Molecular genetic studies - identifying specific mutations in human genes. Scope of the molecular genetic studies is quite large: diagnosis of hereditary diseases, diagnosis of predisposition to various pathologies, including - cancer, infertility diagnosis, preimplantation genetic diagnosis of embryos. more
Laboratory of the Molecular Genetic Pathology performs the following tasks:
provides early differential diagnosis of solid tumors (cancer of the bladder, prostate, etc.) by using Modern molecular genetic methods;
use of molecular genetic markers for the diagnosis of hematologic diseases using FISH-method;
conducts monitoring of a course of chemotherapy of oncological diseases by using specific molecular genetic markers of tumors;
explores the effectiveness of molecular genetic techniques to evaluate the prognosis of cancer, early detection of tumor recurrence in Postclinical observation period.
That suchmolecular genetic diagnosis
There are hundreds of inherited diseases. The cause of hereditary diseases - mutation. Mutations - a pathological change in the genetic information at the gene or chromosomal level. Mutations lead to synthesis of the pathological protein.
Hereditary diseases lead to severe disease is not curable, do not have available methods to alleviate the patient's condition. Some methods have only a theoretical value, as a sick child dies before birth. Given this, any man understands that better prevent such diseases. To do this serve as molecular-genetic diagnostic methods.

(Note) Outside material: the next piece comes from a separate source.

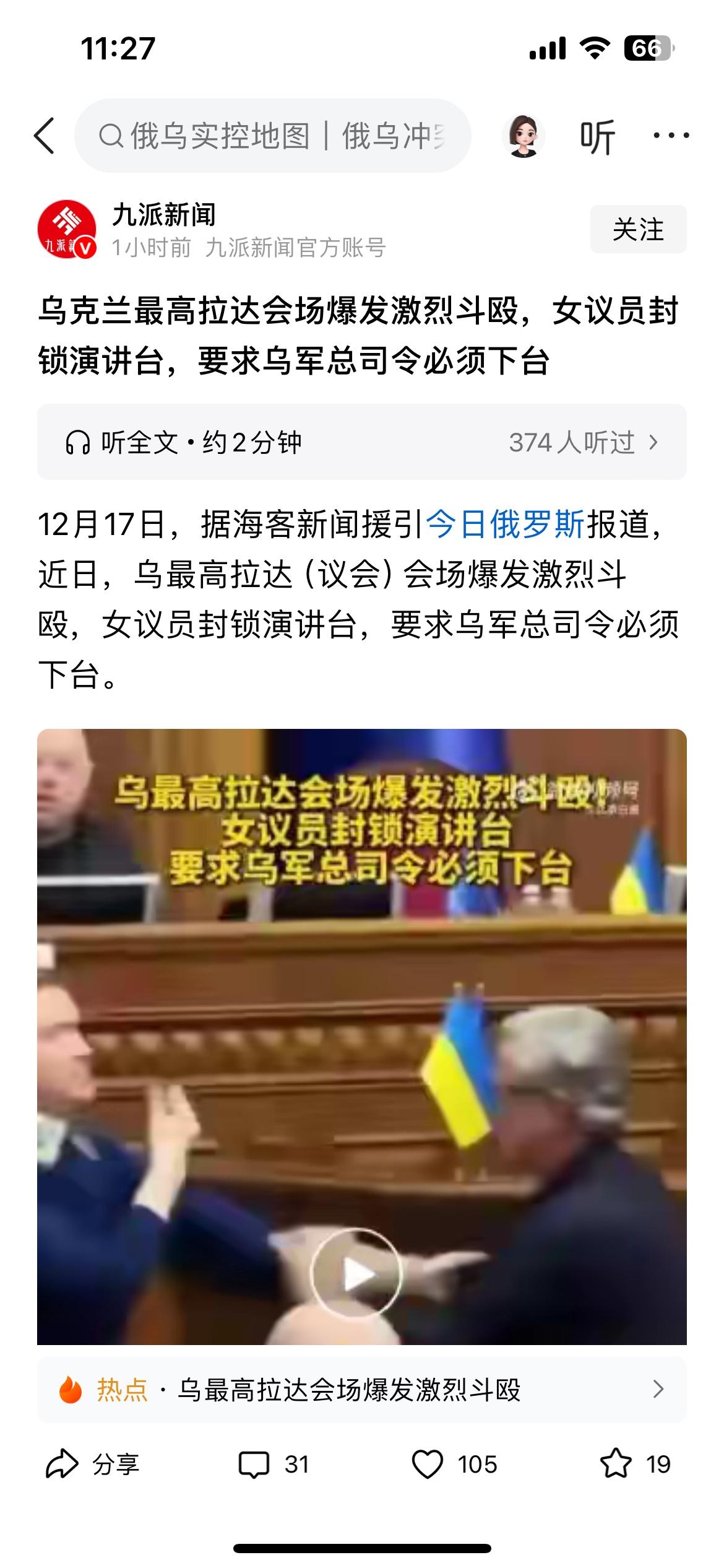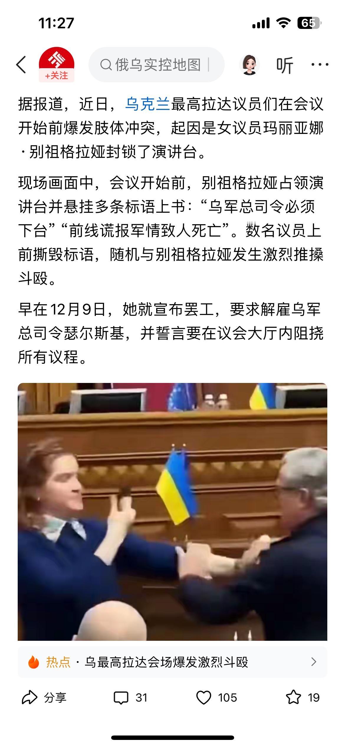 据今日俄罗斯媒体报道,乌克兰最高拉达(议会)爆发激烈斗殴,女议员封锁演讲台,泼辣无比! 当仔细看了斗殴的视频,看到女议员与男议员的冲突,实在称不上激烈斗殴,当看到原来是今日俄罗斯报道的此事,也就明白了,激烈斗殴确实是“激烈”,泼辣确实“泼辣”!

Molecular genetic diagnostics - a complex of studies carried out for the diagnosis of hereditary diseases. Genetic diagnosis can be carried out in the course in vitro fertilization.
Methods of researches that are used for genetic diagnosis, allow to avoid birth of children with hereditary diseases.
Today, doctors are able to make a diagnosis a child before birth, through the following methods:
Genetic counseling. Medical Genetics is building a family tree of families. In the case of hereditary diseases with relatives, given the laws of inheritance, it is possible to assess the risk of disease in the child.
Karyotype analysis. Karyotype - a set of symptoms that have human chromosomes. Using a special technique it is possible to visually check the chromosomal composition of cells for the presence of disease. The method is well established in the diagnosis of gross chromosomal abnormalities such as Down syndrome.
The polymerase chain reaction. During the analysis can diagnose various genic pathologies with a high degree of accuracy. (phenylketonuria, cystic fibrosis, hemophilia)
Sophisticated laboratory techniques to diagnose various diseases. They have a high price and rarely performed in clinical practice. For example, a complete mapping of the human genome.
Preimplantation genetic diagnosis is carried out in the course in vitro fertilization, or IVF. For the diagnosis from the embryo carried fence cells, which is directed to the study. With the resulting cells may be carried out any of the above tests. The method has one distinct advantage - accurate diagnosis established before pregnancy.
Another alternative - prenatal diagnosis. In this case, during pregnancy are conducted analyzes of a blood, amniotic fluid, fetal membranes. In case of pathologies detection - pregnancy is interrupted.